As promised, I will tell you about the Christmas market in Pest that Allan and I along with our friends Bernadette and Gaetano walked to last night. We found our way through the streets and entered the market, greeted by a beautifully decorated Christmas tree. The stalls were filled with hand crafted items from scarfs and hand hewn wooden bowls to candles and jewelry and so much more. Bernadette spotted the paprika that I had been searching for so I was happy to be able to finally purchase it. Hungary has the forint as currency so converting from euros into forints was a little challenging and I think the merchants made a little extra cash … compliments of us.

There was a band playing rock music which added to the festive atmosphere and people were walking around smiling and happy to kick off the season. In almost every row you could find a stall with gingerbread. The bakers in Hungary are so talented, decorating everything with meticulous care. The gingerbread cookies were intricately decorated in colored sugar icings…much too beautiful to eat.

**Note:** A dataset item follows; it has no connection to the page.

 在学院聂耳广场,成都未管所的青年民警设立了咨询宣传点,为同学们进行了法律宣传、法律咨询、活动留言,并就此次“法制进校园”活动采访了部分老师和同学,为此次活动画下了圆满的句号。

We had dinner at the food mart in the middle of the market which was offering pork knuckles, goulash and many other local delicacies. I opted for the goulash in a bread bowl. Delicious!!

This morning we took a bus tour of Buda and Pest and saw some interesting sights. Today was rainy but fortunately not cold so even though we were under umbrellas it was comfortable Our guide was funny and informative and made the ride very interesting.

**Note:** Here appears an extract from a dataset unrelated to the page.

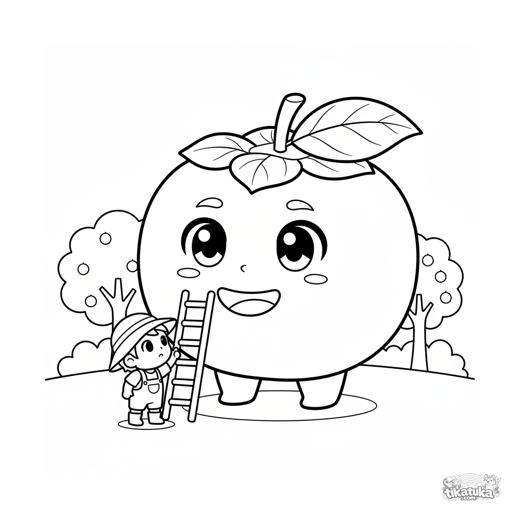 Coloring page for kids 4-6: a cheerful giant persimmon and a tiny gardener with a ladder in an orchard. Chibi style, simple shapes.

We stopped at the Church of Mathias which was originally built in Romanesque style in 1015, although no archaeological remains exist. The current building was constructed in Gothic style in the second half of the 14th century and was extensively restored in the late 19th century. We were fortunate to hear a men’s choir sing during our visit.

We had cappuccino and espresso with decadent desserts and then returned to the ship in time for lunch.

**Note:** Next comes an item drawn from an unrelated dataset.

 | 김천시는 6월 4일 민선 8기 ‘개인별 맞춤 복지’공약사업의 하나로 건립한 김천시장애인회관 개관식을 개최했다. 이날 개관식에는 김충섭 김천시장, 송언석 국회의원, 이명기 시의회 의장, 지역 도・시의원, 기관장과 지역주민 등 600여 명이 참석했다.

Our afternoon shore excursion was a trip to the Széchenyi Medicinal Bath, the largest medicinal bath in Europe. The spa is huge with indoor pools and outdoor pools. We were given a “watch” that you scan and it tells you your cabin number where you can change into your bathing suit and then you scan your “watch” and your cabin opens.

The pools were very crowded but we found little niches within them to enjoy the warmth the thermal baths offered. We thought it was too chilly to partake in the outdoor bath but as we were leaving Gaetano and I decided to brace it and we took the plunge. It was actually quite lovely with the warmth of the bath and the coolness of the air.

The Shoes Memorial on the Danube River

One of the more poignant moments on our trip was seeing The Shoes on the Danube, a memorial to the Budapest Jews who were shot by Arrow Cross militiamen between 1944 and 1945. The victims were lined up and shot into the Danube River. They had to take their shoes off, since shoes were valuable belongings at the time. It contains 60 pairs of iron shoes, forming a row along the Danube. Each pair of shoes was modeled after an original 1940’s pair.

13 Nov 2016

Farewell Danube River

Well our trip was wonderful but we are ready to board our plane for our return to home. Hope you all enjoyed traveling with us. Bye Danube river. You are a beautiful river and we are so glad we had the opportunity to sail your waters and see your magnificent shores. But now we are ready to waltz home with the memories of our trip in our hearts.